- Um colar.
- Podia ser um terço?
- Podia.
- Então é você quem decide. Este anjinho não é nada, mas se toco nele vira anjo mesmo, com funções de anjo. – Segurou-o com forças pelas asas. – Quais são as funções de um anjo?
(...) – Veja, Lorena, veja... Os objetos só têm sentido quando têm sentido, fora disso... Eles precisam ser olhados, manuseados. Como nós. Se ninguém me ama, viro uma coisa ainda mais triste do que essas, porque ando, falo, indo e vindo como uma sombra, vazio, vazio. É o peso de papel sem papel, o cinzeiro sem cinza, o anjo sem anjo, fico aquela adaga ali fora do peito. Para que serve uma adaga fora do peito? – perguntou e tomou a adaga entre as mãos...”

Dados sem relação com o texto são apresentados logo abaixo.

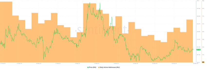 INJ는 최근 일일 활성 주소가 3월 24일 509개에서 3월 28일 755개로 증가했습니다. 이러한 증가세는 3월 중순부터 3월 말까지 활성 주소가 지속적으로 감소하여 3월 12일 932개에서 3월 24일 509개로 감소한 데 따른 것입니다.
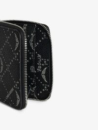 Monogram canvas wallet with signature wings. Description & details - Women's Mini ZV wallet in black coated canvas - Monogram print - Zip closure - Metal wings 11 x 8.5 x 2 cm Composition 67% Polyurethane 33% Polyester** Care - Be careful not to rub your product against abrasive surfaces - Avoid contact with liquids - Keep away from direct sunlight, heat and rain. If it gets wet, dry it immediately with a soft cloth - Store it in the case supplied at the time of purchase - To clean it, use a soft, dry cloth. Never use soap or solvents Product code: LWSG03640_BLACK
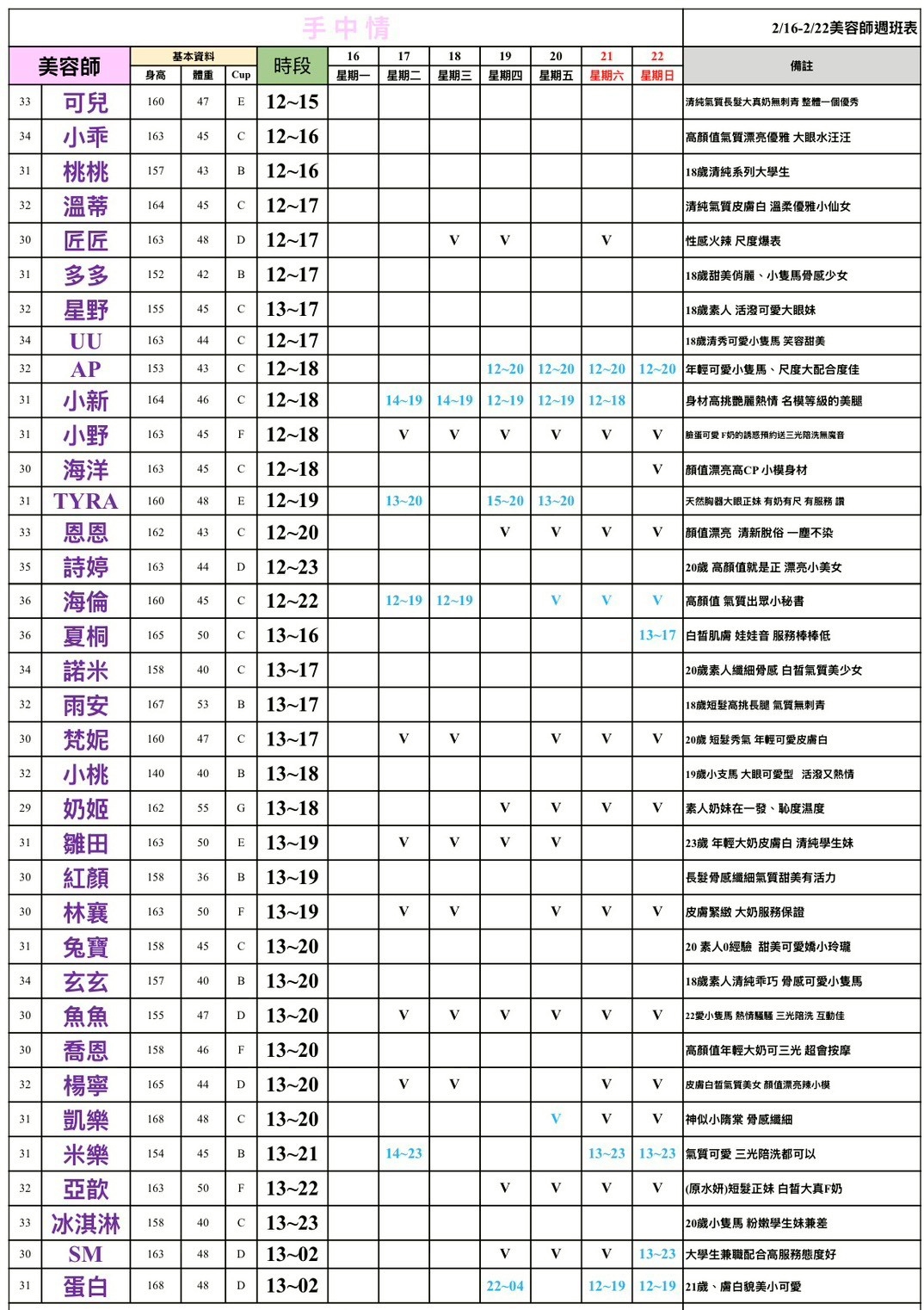 王妃館位於民權東路二段上,路邊停車格多,超級方便,包廂數量接近20間,完全不用浪費時間等待,消費還不用包廂費,想來台北舒壓放送,選王妃館就對了,萊恩每週更新王妃館班表,保證給你最新美容師!
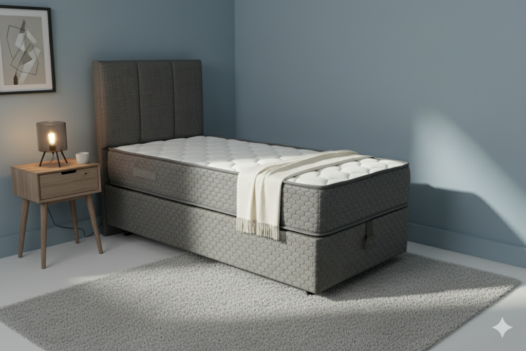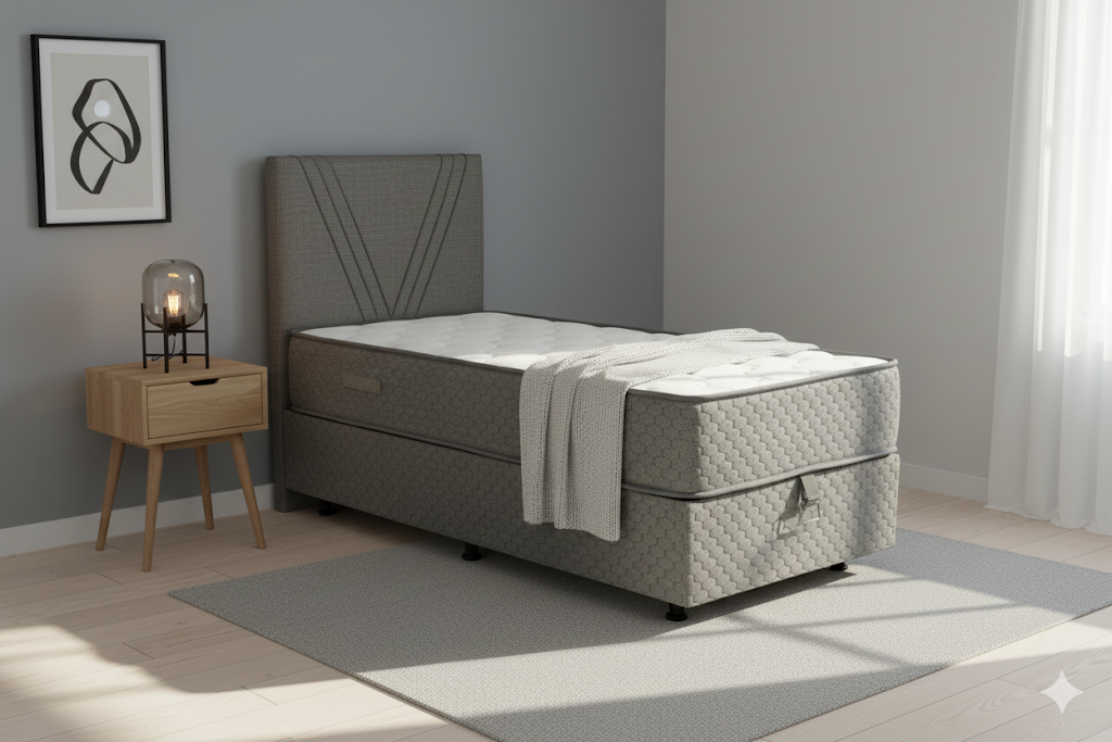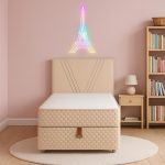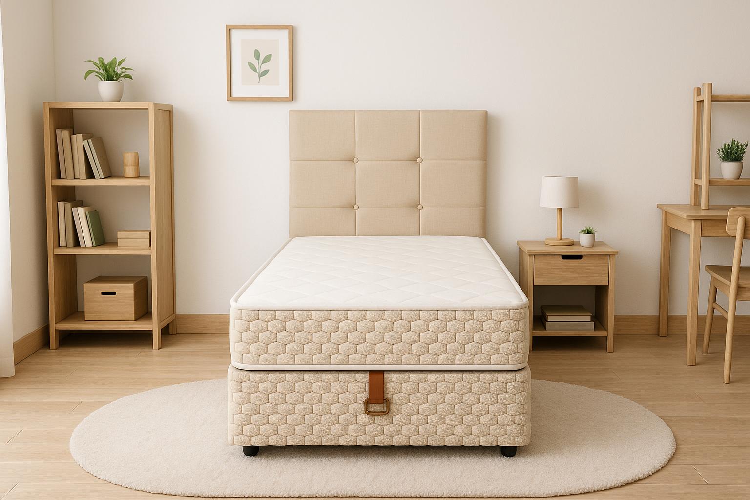 Le lit coffre 90×190 Beige est parfait pour combiner style, confort et gain de place dans une chambre compacte.

Os objetos de Lygia Fagundes Telles
Quando um objeto perde o seu uso, e depois toma outro, ele no fim das contas é qual das duas opções? Os artefatos africanos que serviam para fazer uma conexão entre o mundo dos vivos com o mundo dos mortos, sofreu este processo de ‘mutação’. Foram roubadas através do colonialismo francês e agora são chamados de arte.
Seria justo tomar um artefato tão carregado de energias e significados e torná-lo inutilizável dentro de um museu, onde será contemplado com estranheza, vergonha, repulsa ou com os ares que as artes trazem às artes?
As estátuas também morrem, filme de Chris Marker, critica essa posição francesa de roubar estes artefatos e atribuir outro sentido, ignorando o seu uso natural. O filme trás ainda o questionamento sobre o envolvimento do homem branco com o homem negro e suas relações de trocas. Trocas sadias, trocas invasivas e o racismo.
Vários pontos negativos foram levantados quando assistimos a este filme. É uma forma de imposição e exploração de quem coloniza, é um 'rebaixamento' de uma tecnologia à arte. Já que antes essas máscaras e estátuas eram usadas de fato, tinham um fim, um proposito que passa longe de um processo artístico.
Porém, quando vimos e fizemos análises sobre essa discussão, encontramos os argumentos de André Malraux autor do livro As vozes do silêncio que diz que a museologização é a segunda vida de uma estátua, uma ressurreição. Essa apropriação francesa se justifica quando as estátuas e máscaras passam a ser peças de museus.
Concordo em partes, e penso que a museologisação também é um meio de informação. Eles abrigam, cuidam e também contam a história das 'artes'. Por exemplo, se este processo de colonização não tivesse acontecido desta forma, trazendo estes artefatos e o uso deles à tona, nós sequer saberíamos da existência desses rituais, que são muito diferentes do modelo eurocêntrico que é tão disseminado no mundo.
Nós aqui não falamos da morte como eles falam, nós não tratamos nossos mortos como eles tratam. E se as pessoas não tivessem tomado conhecimento destas práticas, elas não saberiam que existe uma outra relação com a morte, muito mais tranquila, apaziguadora e menos medonha ou dramática.
É estranha essa relação, e também muito complexa. Não é justo, mas tem um potencial de conhecimento muito importante. Não sei e nem devo dizer quem está certo ou errado, qual deveria ser o modelo, como tratar ou não os mortos.
O mundo é heterogêneo e ter o conhecimento disso é o mais importante para que se respeite e seja respeitado.
O mundo é heterogêneo e ter o conhecimento disso é o mais importante para que se respeite e seja respeitado.